[Dataset records]

[Start of section]

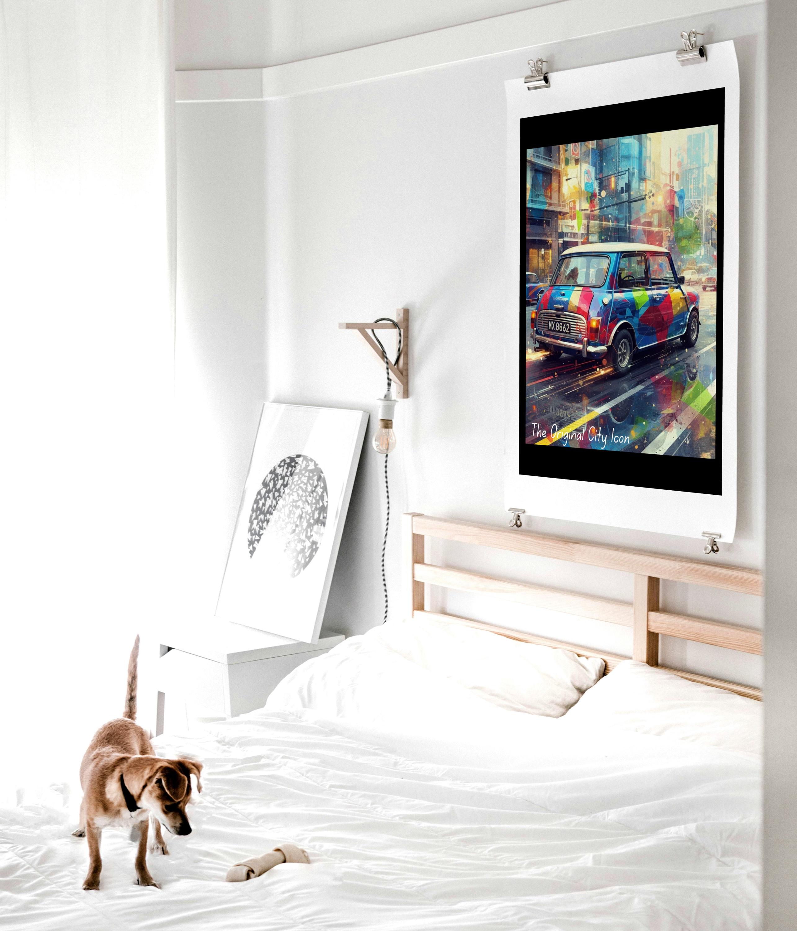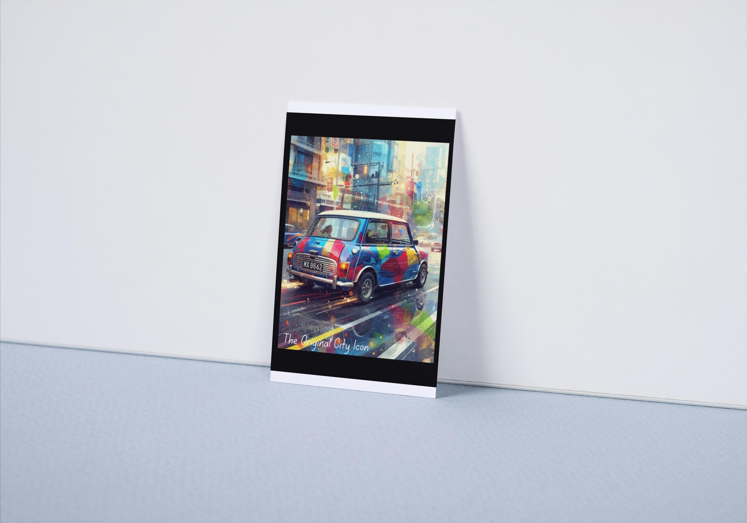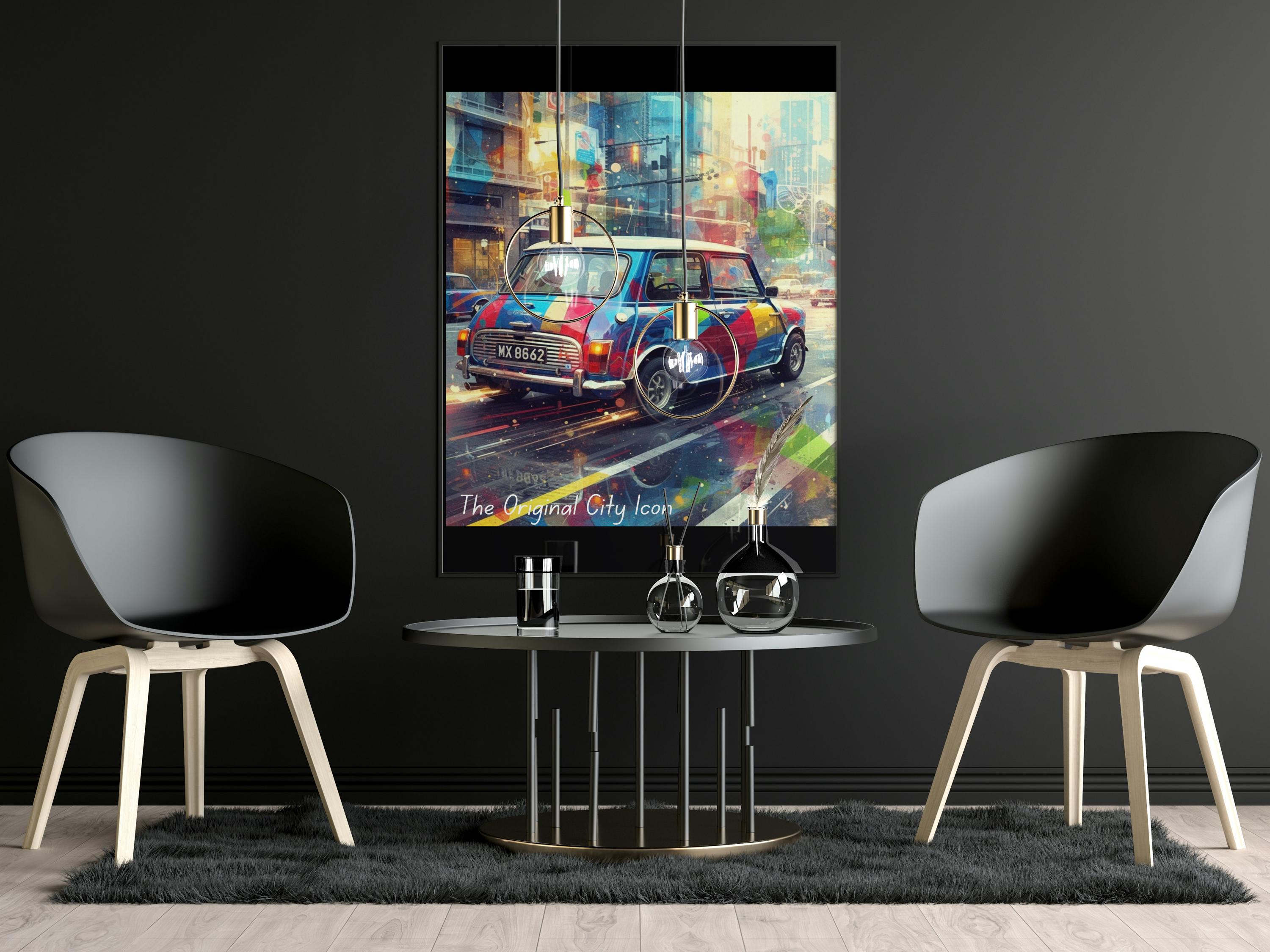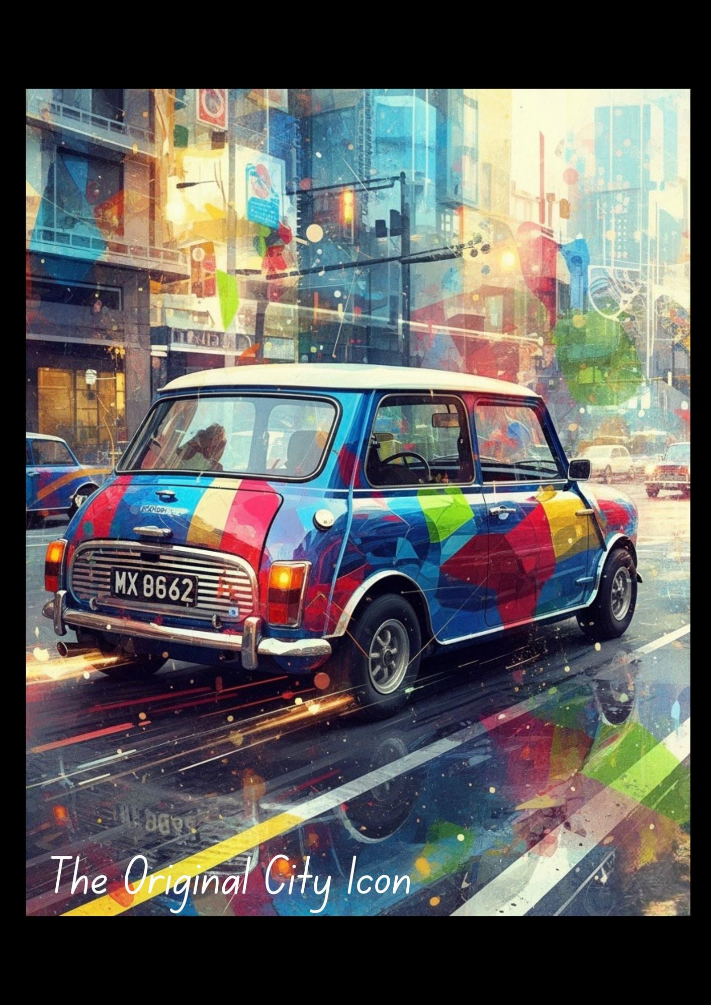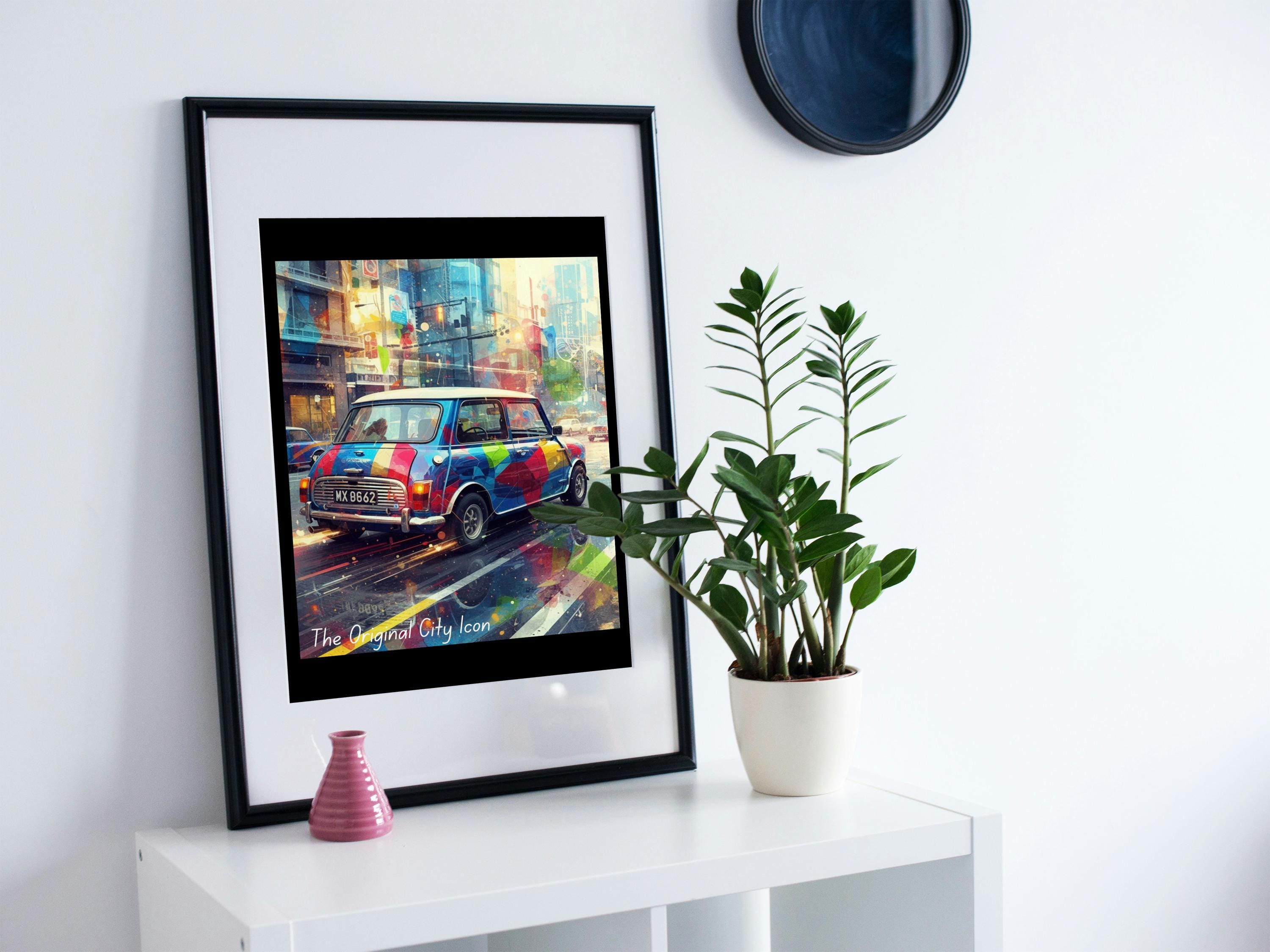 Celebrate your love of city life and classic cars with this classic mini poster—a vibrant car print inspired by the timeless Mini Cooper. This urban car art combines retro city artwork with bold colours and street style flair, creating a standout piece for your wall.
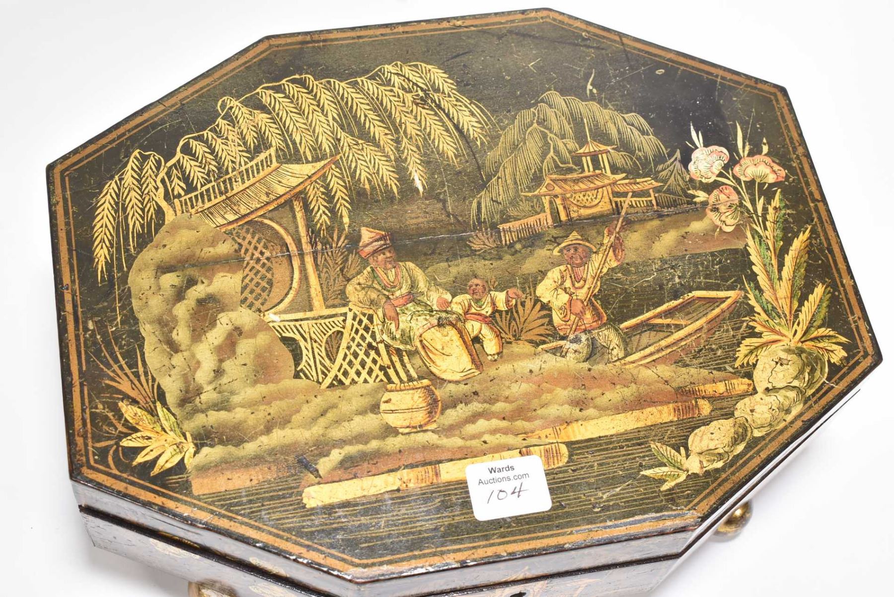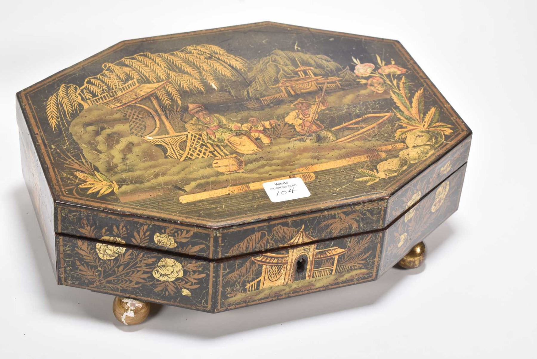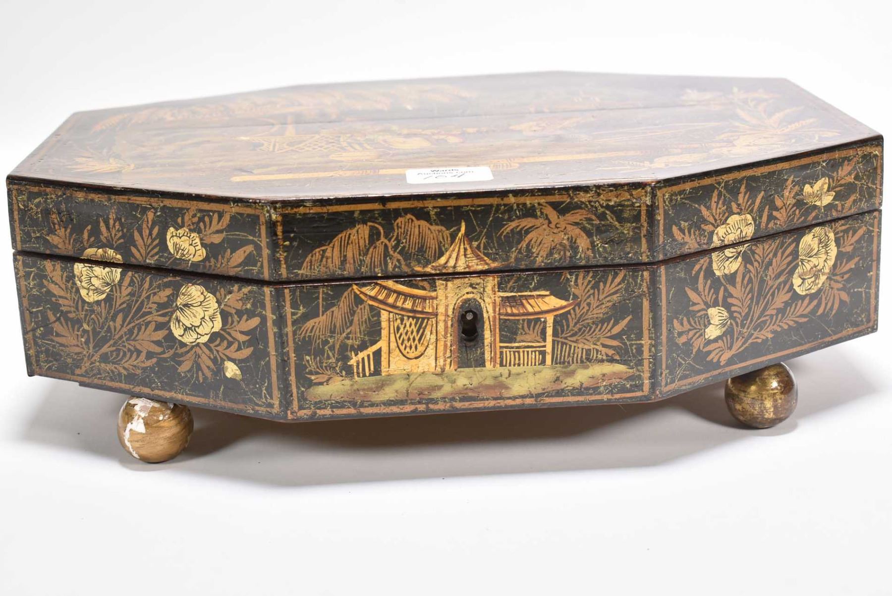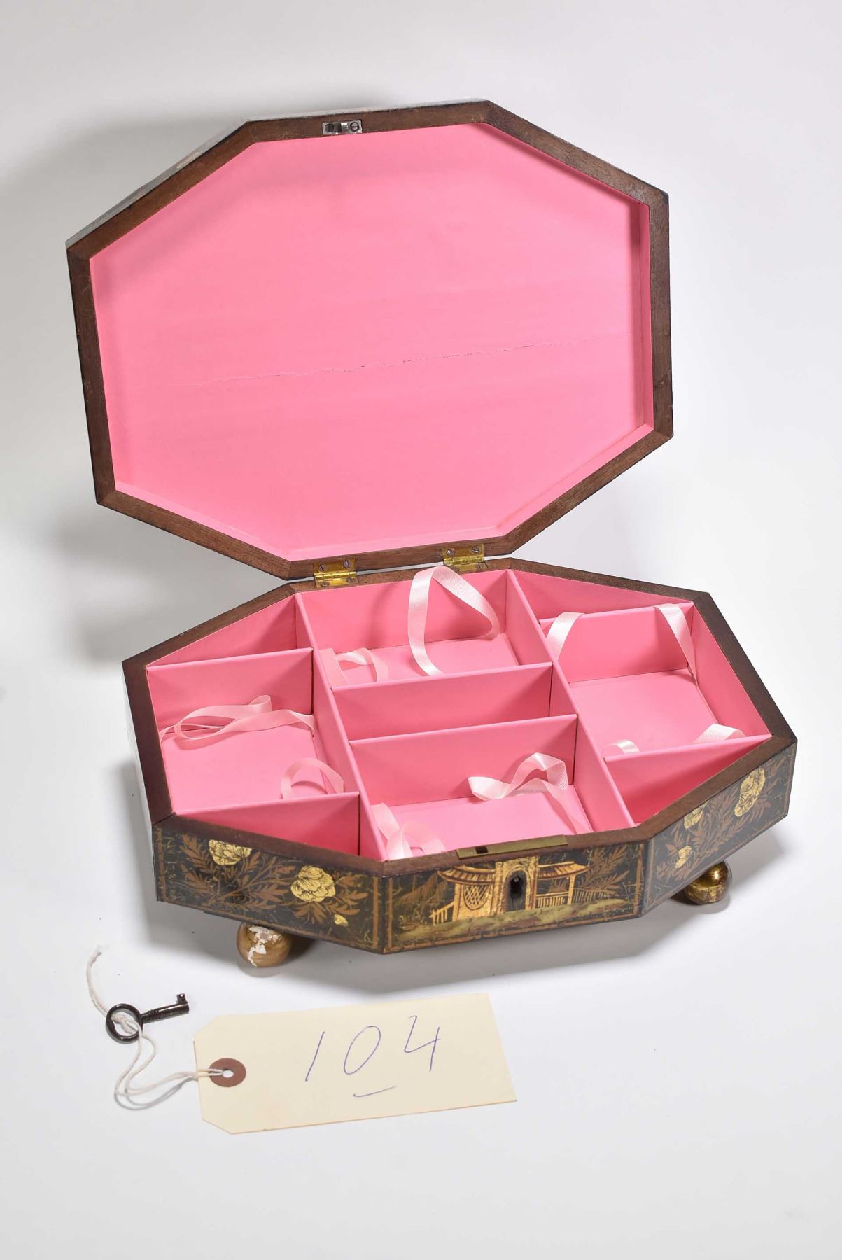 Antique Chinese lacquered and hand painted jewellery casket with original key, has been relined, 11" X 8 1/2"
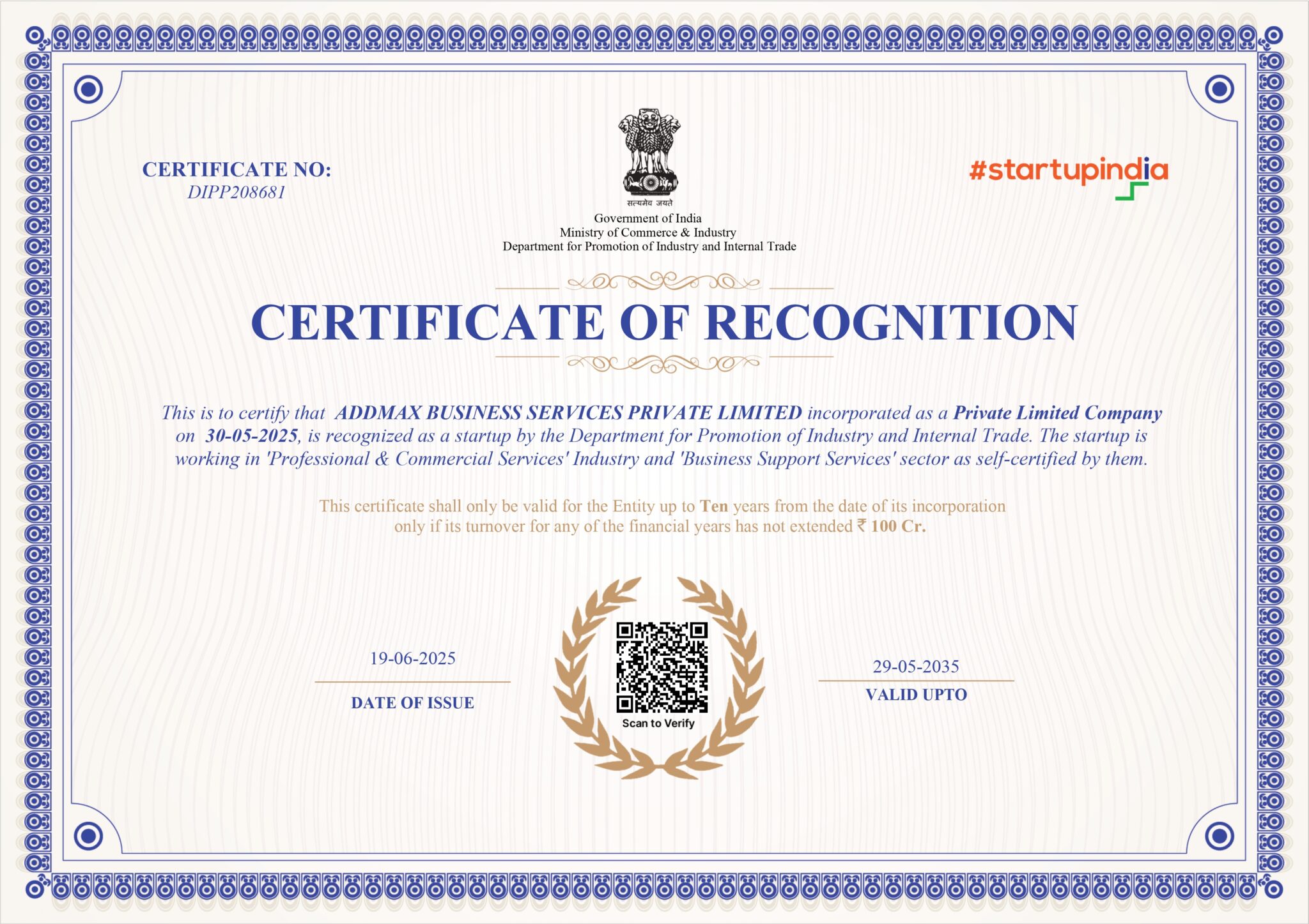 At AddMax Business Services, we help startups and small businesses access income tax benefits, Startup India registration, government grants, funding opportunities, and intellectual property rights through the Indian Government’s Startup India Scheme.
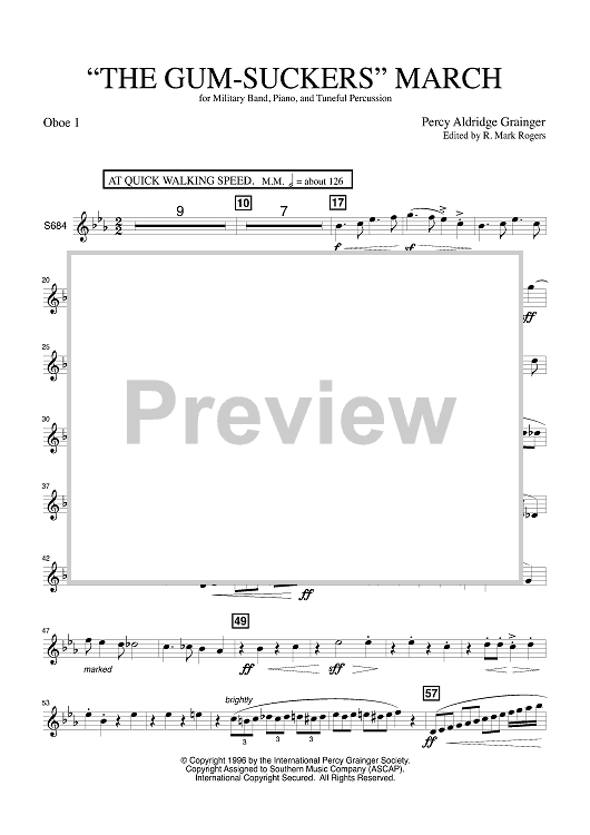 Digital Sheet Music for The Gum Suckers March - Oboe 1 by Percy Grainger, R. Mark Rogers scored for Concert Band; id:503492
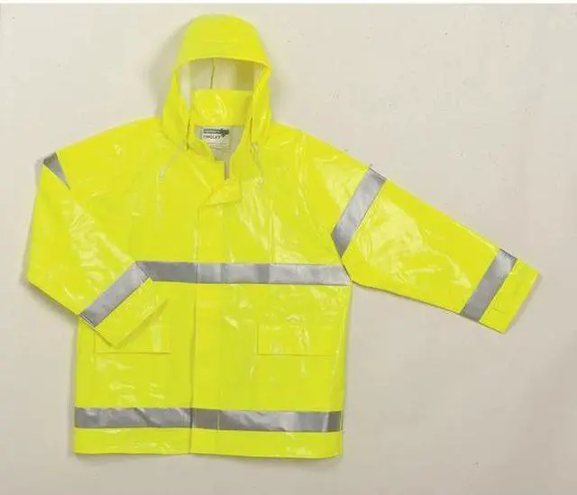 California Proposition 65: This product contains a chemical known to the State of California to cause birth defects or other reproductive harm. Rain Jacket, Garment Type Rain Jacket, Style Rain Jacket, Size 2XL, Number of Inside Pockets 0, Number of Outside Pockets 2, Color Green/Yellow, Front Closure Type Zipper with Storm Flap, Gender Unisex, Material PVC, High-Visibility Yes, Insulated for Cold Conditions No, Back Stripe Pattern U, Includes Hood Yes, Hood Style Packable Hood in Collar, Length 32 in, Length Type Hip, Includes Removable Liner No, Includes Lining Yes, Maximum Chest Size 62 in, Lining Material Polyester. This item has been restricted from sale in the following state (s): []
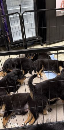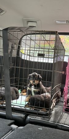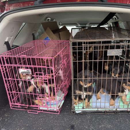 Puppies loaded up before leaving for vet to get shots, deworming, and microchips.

[End of section]

For this answer, return word for word the lines from the first line of the records through the line containing "Digital Sheet Music". Omit the pictures.

__RESPONSE TO THIS EXERCISE__.
 Celebrate your love of city life and classic cars with this classic mini poster—a vibrant car print inspired by the timeless Mini Cooper. This urban car art combines retro city artwork with bold colours and street style flair, creating a standout piece for your wall.
 Antique Chinese lacquered and hand painted jewellery casket with original key, has been relined, 11" X 8 1/2"
 At AddMax Business Services, we help startups and small businesses access income tax benefits, Startup India registration, government grants, funding opportunities, and intellectual property rights through the Indian Government’s Startup India Scheme.
 Digital Sheet Music for The Gum Suckers March - Oboe 1 by Percy Grainger, R. Mark Rogers scored for Concert Band; id:503492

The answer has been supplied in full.